The assignment: Consider the series of complex numbers
$\sum^{\infty}_{k=1} r^k \big(cos(v)+i\space sin(v)\big)^k\space with\space r \in [0,1[$
(a) Show that the series is a convergent geometric series and calculate its sum
(b) Show that the series can be expressed as $\sum^{\infty}_{k=1} r^k \big(cos(kv)+i\space sin(kv)\big)$
(c) Find expressions for the two series of real numbers,
$\sum^{\infty}_{k=1} r^k \big(cos(kv)\big)$ & $\sum^{\infty}_{k=1} r^k \big(sin(kv)\big)$
My (attempt at) solution:
(a) Showing that it's a geometric series is easy enough, simply recognizing that $cos(v)+i\space sin(v)=e^{iv}$ and thus $\sum^{\infty}_{k=1}r^k \big( e^{iv} \big)^k=\sum^{\infty}_{k=1}(re^{iv})^k=\sum^{\infty}_{k=1}z^k$.

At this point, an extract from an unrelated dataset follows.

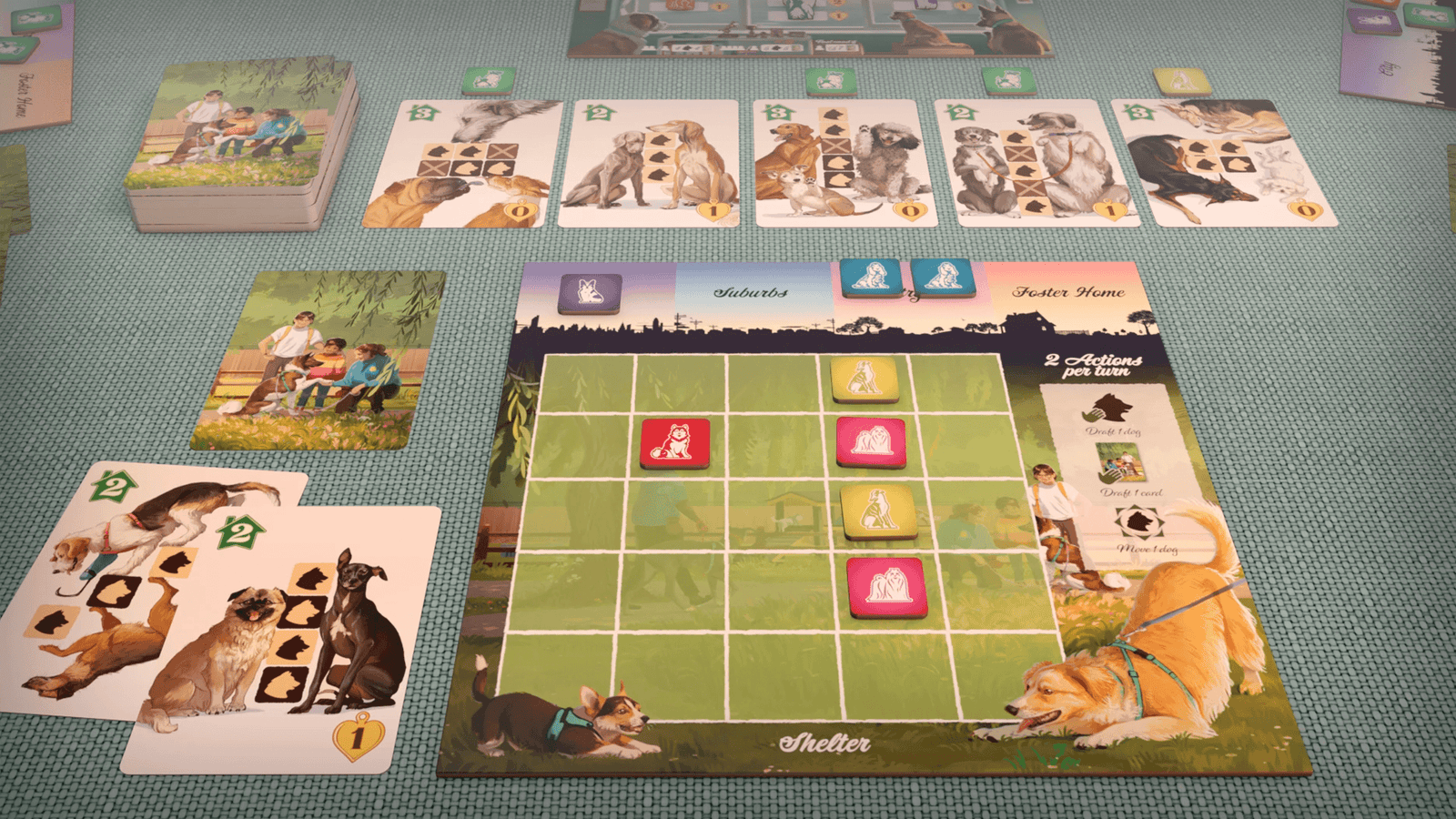 Using a combination of tile placement, set collection, and drafting, you and your friends take on the role of shelter workers. Take it in turns to bring dogs into your shelter, complete training cards, and match pups up with new families. You’ll be competing for valuable shelter commendations - as well as gaining reputation for training and rehoming the dogs in your care. At the end of the game, the shelter worker with the most reputation wins!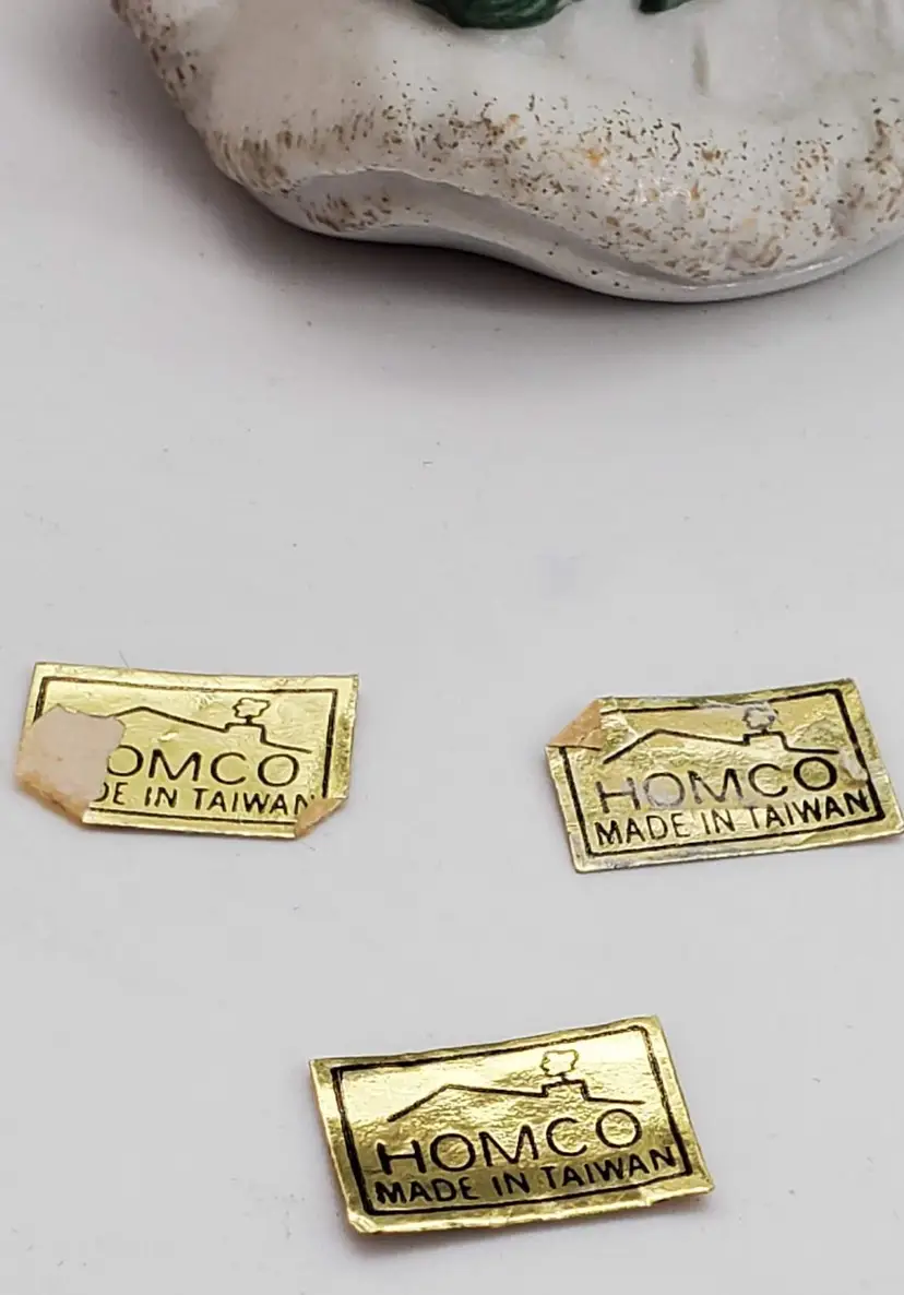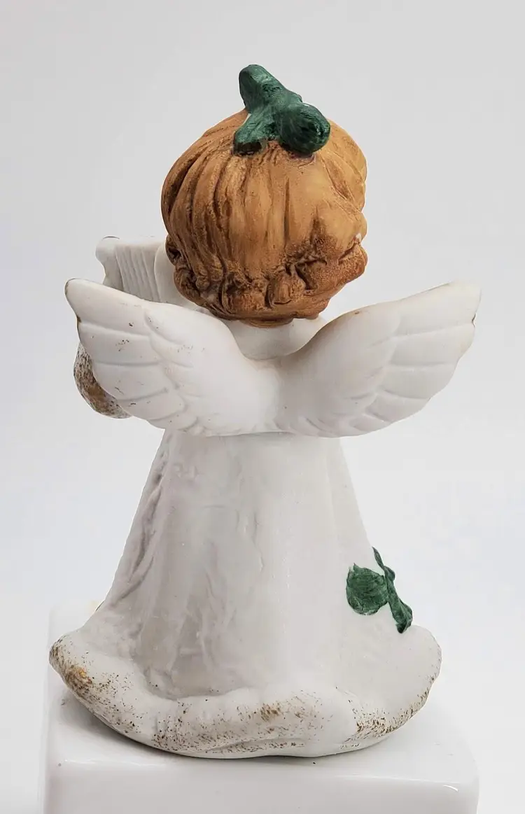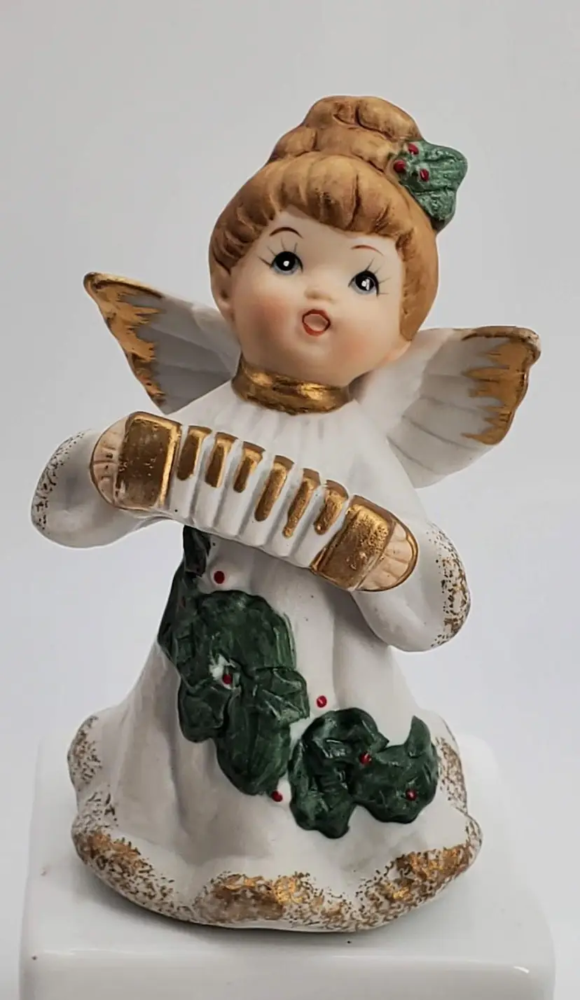 Pretty little trio of porcelain HomCo angels playing heavenly instruments and singing. Each is decked out in a holly sash and hair bow.

That $|r|<1$ is given, and $|cos(v)+i\space sin(v)|<1$ is also simple to show. Thus the series converges to $\frac{re^{iv}}{1-re^{iv}}$.
However; the assignment also asks me to reduce this to the neat formula $a+ib$. And I'm not sure how to reduce it, when I tried, I simply ended up making it even wierder. I would very much like some help on rewriting this complex number "$\frac{re^{iv}}{1-re^{iv}}$".
(b) That $e^{ikv}=cos(kv)+isin(kv)$ follows from de Moivre's formula.
(c) I'm a little unsure what the assignment wants here. Is it simply that
$\sum_{k=1}^{\infty}r^k\space cos(kv)=\sum_{k=1}^{\infty} r^k \space \frac{1}{2}\big(e^{ikv}+e^{-ikv}\big)$
and similarly for sine?
Thanks for reading
We can write directly, as you already said:
$$\sum_{k=1}^\infty r^k(\cos v+i\sin v)^k=\sum_{k=1}^\infty z^k\;,\;\;\text{with}\;\;z=r(\cos v+i\sin v)=re^{iv}$$
Thus, since $\;|z|=r<1\;$ , by the well known formula we get
$$\sum_{k=1}^\infty z^k=\frac z{1-z}=\frac{re^{iv}}{1-re^{iv}}=\frac{re^{iv}}{1-r\cos v-ir\sin v}=\frac{r(\cos v+i\sin v)(1-r\cos v+ir\sin v)}{1-2r\cos v+r^2}=$$
$$=\frac{r(\cos v-r\cos^2v-r\sin^2v+(r\cos v\sin v+\sin v-r\cos v\sin v)i}{1-2r\cos v+r^2}=\frac{r(\cos v-r+i\sin v)}{1-2r\cos v+r^2}$$
and thus the sum of the series, in cartesian form, is
$$r\frac{\cos v-r}{1-2r\cos v+r^2}+r\frac{\sin v}{1-2r\cos v+r^2}\,i$$
Part (c) follows at once from the above.